Restaurant review: Le Bistrot Pierre
PUBLISHED: 13:44 14 November 2016 | UPDATED: 13:07 13 December 2016
For Katie Jarvis good food and good value at Le Bistrot Pierre stirs memories of life-and-death zebra crossings and reclusive, curtain-twitching neighbours
These are the nuggets I pass on to you about France. (De rien.)
1. French zebra crossings – which look confusingly like English ones – were initiated by someone looking to use up an overspend on white paint. The only way to get a driver to stop at one is:
i) Firmly to establish eye-contact, as you cross the road;
ii) Within that glance, strongly to convey that you have a ruinous secret about the approaching driver, which you’ve left with trustworthy friends, in an envelope marked: To be opened in the event of my death.
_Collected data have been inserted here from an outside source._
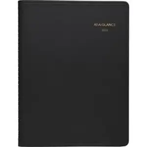 Weekly appointment book offers classic styling and all of the planning basics that make this a great scheduling tool for any busy professional. Dated planning pages range 13 months from January to January. Two-page-per-week spreads include ruled daily columns, Monday-through-Sunday scheduling, quarter-hourly appointment times from 7 AM to 8:45 PM on weekdays and 7 AM to 5:30 PM on Saturday, ruled area for Sunday, count of days/days remaining, numbered weeks, holidays, and past, current and two future months reference. The current reference month is boxed, and the current week is highlighted for easy identification. Wire-bound, nonrefillable appointment book has a simulated leather cover and telephone/address pages.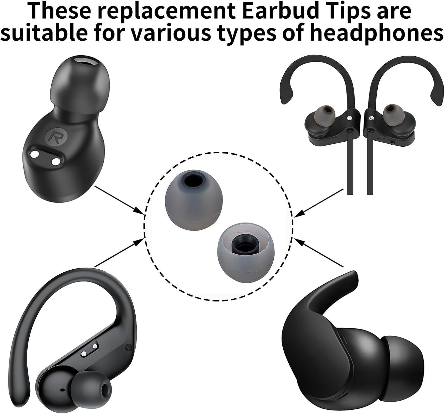 - These Replacement Earbud Tips compatible with all headphones with connection port diameter of 3.8mm-5.18mm.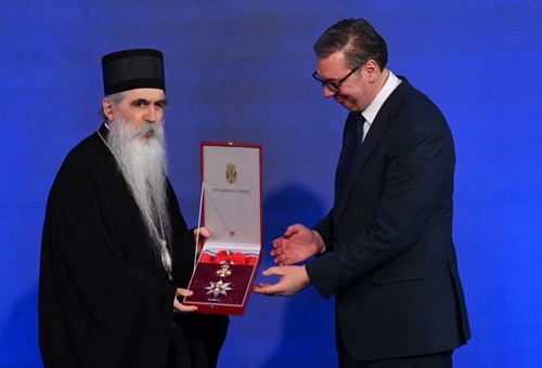 Као највиши знак јавног признања који се додељује за изузетне заслуге и дела од великог значаја за Републику Србију, Сретењски орден првог степена Високопреосвећеном Митрополиту г. Иринеју је уручио председник Републике Србије г. Александар Вучић.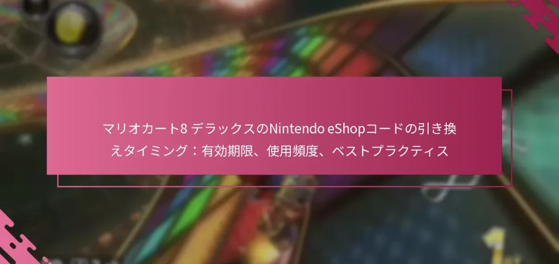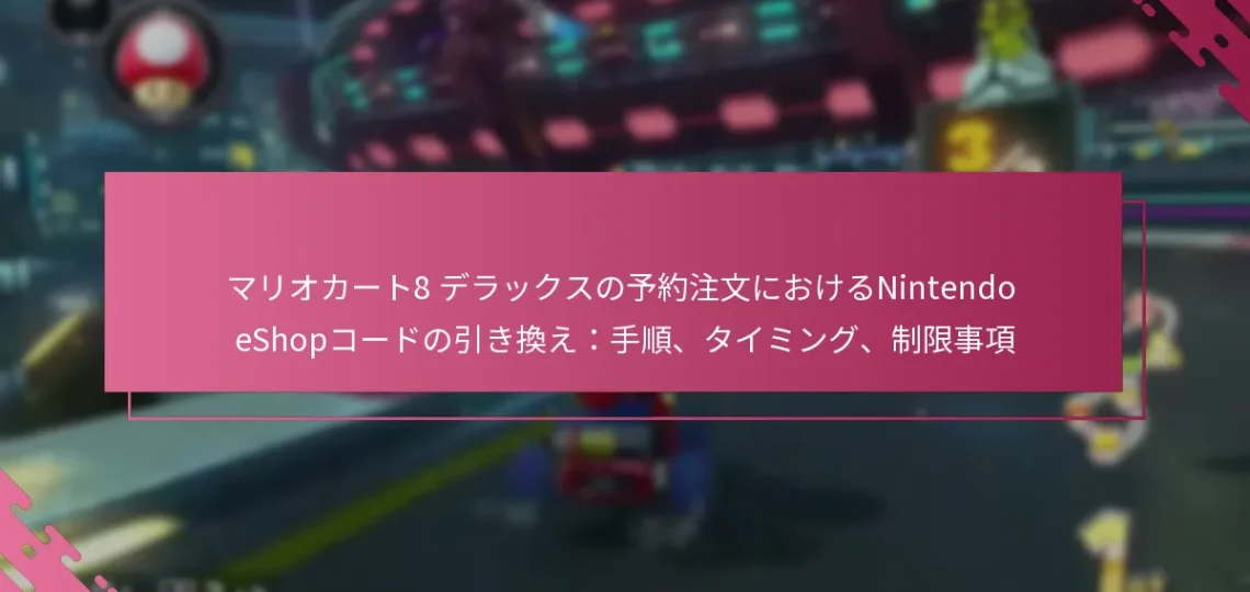 マリオカート8 デラックスの予約注文に対するNintendo eShopコードの引き換えは、プレイヤーが割引やボーナスにアクセスできるシンプルなプロセスです。予約注文後すぐにコードを入力できますが、ボーナスの有効化はタイミングや地域の要因によって異なる場合があります。予約注文に適用される地理的制限や有効期限などの制約に注意してください。 マリオカート8 デラックスの予約注文に対するNintendo eShopコードの引き換えプロセスは? マリオカート8 デラックスの予約注文に対するNintendo eShopコードを引き換えるには、eShopにコードを入力するという簡単なプロセスに従います。これにより、予約注文に関連する割引やボーナスを受け取ることができます。 eShopコード引き換えのステップバイステップガイド 1. Nintendo Switchを起動し、ホーム画面からNintendo eShopに移動します。 2. プロンプトが表示された場合はユーザープロファイルを選択し、左のサイドバーの一番下までスクロールして「コードを入力」を選択します。 3. 16文字のeShopコードを慎重に入力し、誤字がないことを確認します。 4. 入力内容を確認し、画面の指示に従って引き換えプロセスを完了します。 5. 成功すると、確認メッセージが表示され、予約注文があなたのアカウントにリンクされます。 eShopでのコード入力セクションの場所 コード入力セクションはNintendo eShopのインターフェース内にあります。eShopを起動した後、左のサイドバーの一番下にある「コードを入力」オプションを探してください。 このセクションはどのユーザープロファイルからでもアクセスできるため、どのアカウントを使用していてもコードを引き換えるのが簡単です。プロセスがスムーズに進むように、インターネットに接続されていることを確認してください。 コード引き換えに必要な条件 eShopコードを正常に引き換えるには、Nintendo Switchが最新のソフトウェアバージョンに更新されていることを確認してください。古いシステムではコードの入力や処理ができない場合があります。 また、コードが有効であり、期限切れでないことを確認してください。予約注文用のコードには通常、特定の有効化日がありますので、購入に関連する条件を確認してください。 最後に、Nintendoアカウントが正常であり、コードが残高調整を必要とする場合は十分な資金があることを確認してください。 コード引き換えの一般的なトラブルシューティングのヒント eShopコードの引き換え中に問題が発生した場合は、まずコードを正しく入力したか再確認してください。誤字は簡単にエラーを引き起こす可能性があります。 コードが拒否された場合は、その有効性と有効期限を確認してください。コードがまだ有効であれば、Nintendo Switchを再起動して再度引き換えを試みてください。 問題が解決しない場合は、Nintendoサポートに連絡して、特定の状況に応じたガイダンスを受けることを検討してください。 引き換えプロセスの視覚的補助 スクリーンショットやビデオチュートリアルなどの視覚的補助は、コード引き換えプロセスの理解を大いに助けることができます。多くのゲーム関連のウェブサイトやフォーラムでは、eShopのナビゲートを助けるための画像付きのステップバイステップガイドを提供しています。 さらに、Nintendoの公式ウェブサイトでは、コードの入力方法を視覚的に示すビデオウォークスルーが提供されている場合があり、これにより簡単に従うことができます。 これらのリソースを活用することで、混乱するステップを明確にし、スムーズな引き換え体験を確保できます。 マリオカート8 デラックスのためのNintendo eShopコードはいつ引き換えられますか? マリオカート8 デラックスのためのNintendo…

2. It’s considered insane to go round introducing yourself to neighbours, particularly if you live within 30 minutes of Paris. I made this mistake. Once. When I cheerfully did the rounds, explaining, “Hello, I’m Katie! Do come round for coffee!”, one next-door neighbour rigidly replied, “May I thank you infinitesimally,” before enthusiastically slamming her door (which she almost certainly double-bolted while wedging a chair under the handle).
3. This is still point 2 but it was getting a bit long. My French teacher later told me – after I’d brought her back to full consciousness with smelling-salts – that she herself had only met her neighbours after 10 years, and that was through a combination of bad luck and ill-timing.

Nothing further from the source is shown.